Thank you! Yes she loves her food...she is fed Nutriment (Raw) and gobbles her food so quick. I do give her the bits of cheese and peanut butter treats I make but will give the sausage a try also. Hopefully she will fill out more as she gets older but I am worried that when she has a hair cut people will think I have been starving her!


----------



## RuthMill (Jun 30, 2012)

Nina was like this and now at 9 months is really starting to look and feel better as she develops big girl muscles. 
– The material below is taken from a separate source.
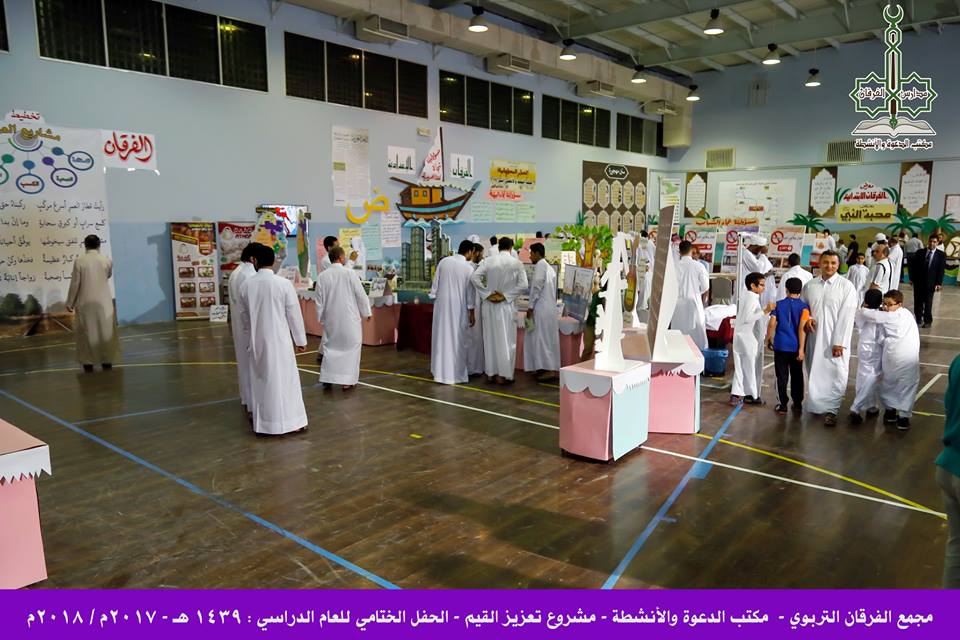 لعبت مدارس الفرقان دورًا رائدًا في توظيف المعارض الفنية لخدمة القيم الإسلامية ، حيث أقامت معرضًا يضم ثلاث أجنحة ( قيمة محبة النبي ﷺ ـ تحمل المسؤولية ـ قيمة التخطيط ) ، وذلك لما للمعارض من دور فعال في تنشيط الذاكرة الجمالية ، وتحفيز النواحي الإبداعية المتعددة ، وتعزيز الخلفية الثقافية ، وترسيخ المعاني الوجدانية ، مما يعمل على تنمية خبرات الطلاب والتعرف على طرق التعبير المختلفة ، فتتكامل شخصياتهم وتنتظم سلوكياتهم .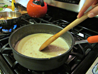 While the champagne and onions are cooking, heat but don't boil the velouté sauce.

If she isn't hungry and is active I really wouldn't be too concerned. Has she had her adolescent health check with the vet?


----------



## Nellies mum (May 12, 2013)

RuthMill said:


> Nina was like this and now at 9 months is really starting to look and feel better as she develops big girl muscles.
> 
> If she isn't hungry and is active I really wouldn't be too concerned. Has she had her adolescent health check with the vet?


Thanks Ruth, it's reassuring to hear that Nina has started to fill out as I remember you saying Nina was quite skinny and leggy. She doesn't seem to be hungry as she doesn't beg or ask for food (not like piggy Nellie).

Hmmm I have never heard of an adolescent health check?


----------



## RuthMill (Jun 30, 2012)

Nellies mum said:


> Thanks Ruth, it's reassuring to hear that Nina has started to fill out as I remember you saying Nina was quite skinny and leggy. She doesn't seem to be hungry as she doesn't beg or ask for food (not like piggy Nellie).
> 
> Hmmm I have never heard of an adolescent health check?


Nina had this at 6 months. They check heart, teeth, weight, ears, eyes and discuss spaying or not. It's all part of our healthcare plan both girls are on at the vet.

They told me not to be concerned as she was fit and well. They said like humans some dogs are just fine and it takes them a while to fill out. Especially if they are the long gangly sort. I think Nina will also be on the slight side. She's just an inch shorter than Lola but she's a whole 2 kgs lighter at 7kgs. Lola is just under 12 inches and Nina just under 11.


----------



## Tinman (Apr 23, 2013)

Ralph was very skinny under all his fur before he was shaved, I was so concerned I asked the vet! But after his castration he has filled out.
I feel ruby under her fur, and she feels all ribby and back bony.... But she eats plenty, I think it's their youth, I bet after turning one and having her spayed she will fill out perfectly x


----------



## Nellies mum (May 12, 2013)

Thanks Ruth and Tracey. I think I keep on comparing her to Nellie who is quite stocky and takes after the Spaniel side more. I think she will always be lean just hopefully fill out a bit after her spay etc.


----------



## Nellies mum (May 12, 2013)

RuthMill said:


> Nina had this at 6 months. They check heart, teeth, weight, ears, eyes and discuss spaying or not. It's all part of our healthcare plan both girls are on at the vet.
> 
> They told me not to be concerned as she was fit and well. They said like humans some dogs are just fine and it takes them a while to fill out. Especially if they are the long gangly sort. I think Nina will also be on the slight side. She's just an inch shorter than Lola but she's a whole 2 kgs lighter at 7kgs. Lola is just under 12 inches and Nina just under 11.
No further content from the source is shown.